= Pat McGroder =

American football executive

Patrick J. McGroder Jr. (March 17, 1904-January 15, 1986) was an American football executive. He served as the interim general manager of the Buffalo Bills in 1983.

McGroder was instrumental in bringing the Bills to Buffalo. After the previous Bills franchise in the All-America Football Conference (AAFC) was denied membership in the NFL, McGroder continued to lobby the NFL to bring a team to the city. Such was his renown that it was McGroder, and not Ralph Wilson, who was Lamar Hunt's first choice to own the Buffalo American Football League (AFL) franchise (Wilson was instead to own a team in Miami). McGroder had the resources to buy the team (at the time he owned a successful liquor store) but declined, thinking that the threat of the AFL would be enough for the league to expand to Buffalo. At the time, Buffalo had been a regular site for NFL neutral-site contests for two decades, and McGroder reasoned that the league's relative success in the city would make it a prime candidate for quick expansion in the face of the AFL's threat.

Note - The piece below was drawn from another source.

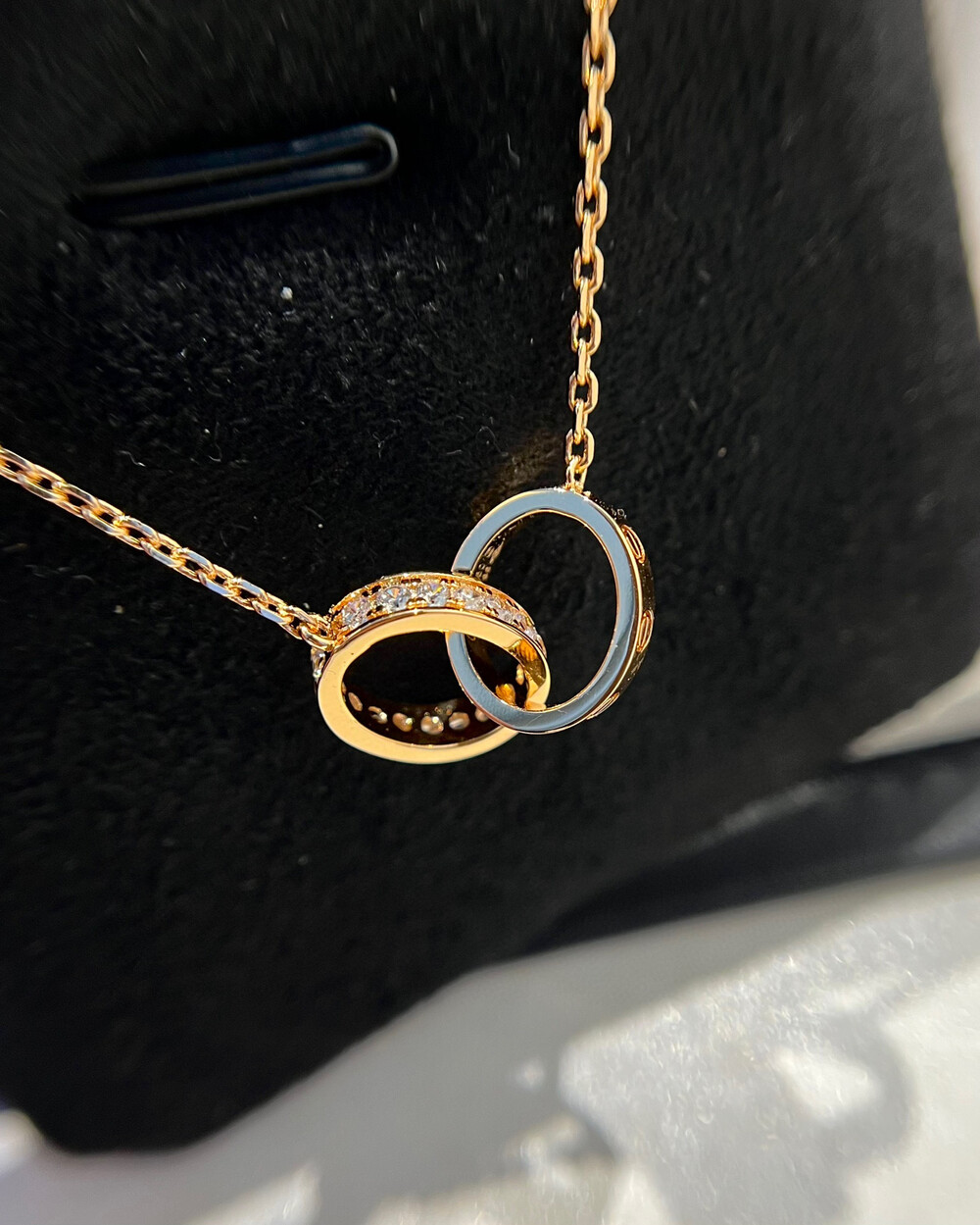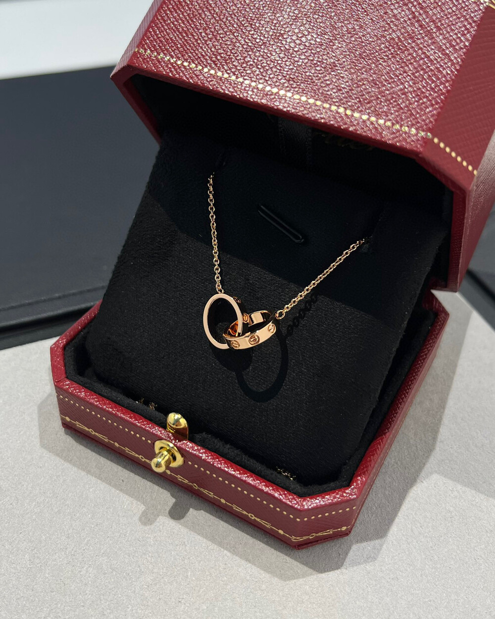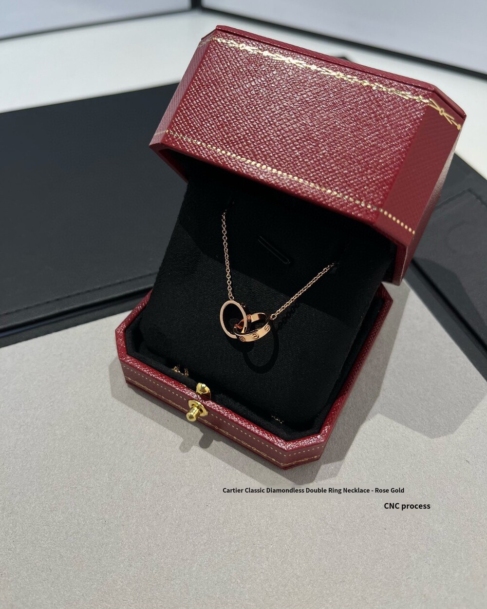 Cartier Double Ring Necklace without Diamond CNC TechnologyThe classic screw design means eternal love, small and big brand, gold plated 1m, love series be bracelet ring or necklace, edge corner must be clear, even hand rub will lose a sharp feeling!And the main part of the necklace is very small, so the depth of the notch is very difficult to grasp.Only the effect of CNC carving is the most correct version, color you can see pictures and videos, are pure big brand rose gold, logo and engraving these we have very mature are according to the ZP ratioLength 41-45 cm

When the NFL again passed Buffalo up, and Wilson was unable to put his AFL team in Miami, Wilson and McGroder met, eventually agreeing to establish the modern Buffalo Bills. McGroder negotiated the lease with War Memorial Stadium and was rewarded with a position on the team's payroll in 1961. McGroder is included on the Bills' Wall of Fame in Highmark Stadium (then called Rich Stadium). When McGroder was placed on the Bills' Wall of Fame in 1985 (a time in which the Bills were performing very poorly on the field and found themselves unable to compete on the free-agent market for talent, especially with the USFL), fan discontent was so high that they openly booed Wilson when he introduced McGroder. McGroder, during his acceptance speech, defended Wilson, prompting further boos from the sparse crowd.

McGroder died January 15, 1986, shortly after his retirement.